Christopher Mogere Obure (born 29 September 1943) is a Kenyan politician. He belongs to the Jubilee Party and was elected on an ODM ticket to represent the Bobasi Constituency in the National Assembly of Kenya in the December 2007 parliamentary election. He was born in Boigesa Village on 29 September 1943. He worked for Bata Shoe Company and Kenya Breweries Limited (now East Africa Breweries) before joining politics.In 2017, he joined Jubilee Party to contest for gubernatorial seat where he lost to incumbent, James Ongwae.
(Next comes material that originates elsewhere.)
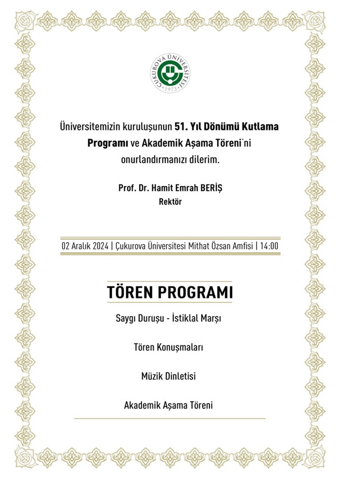 Üniversitemizin Kuruluşunun 51. Yıl Dönümü Kutlama Programı ve Akademik Aşama Töreni

In 2022, he again contested for gubernatorial seat on Jubilee ticket and again lost to Simba Arati of ODM . He was the Minister of Public Works in the Government of National Unity. He was the first Senator of Kisii County. Obure is also well remembered as the first non-Luo player to be recruited in Gor Mahia F.C, and was among the squad which played during the club's inaugural season in 1968 and 1969.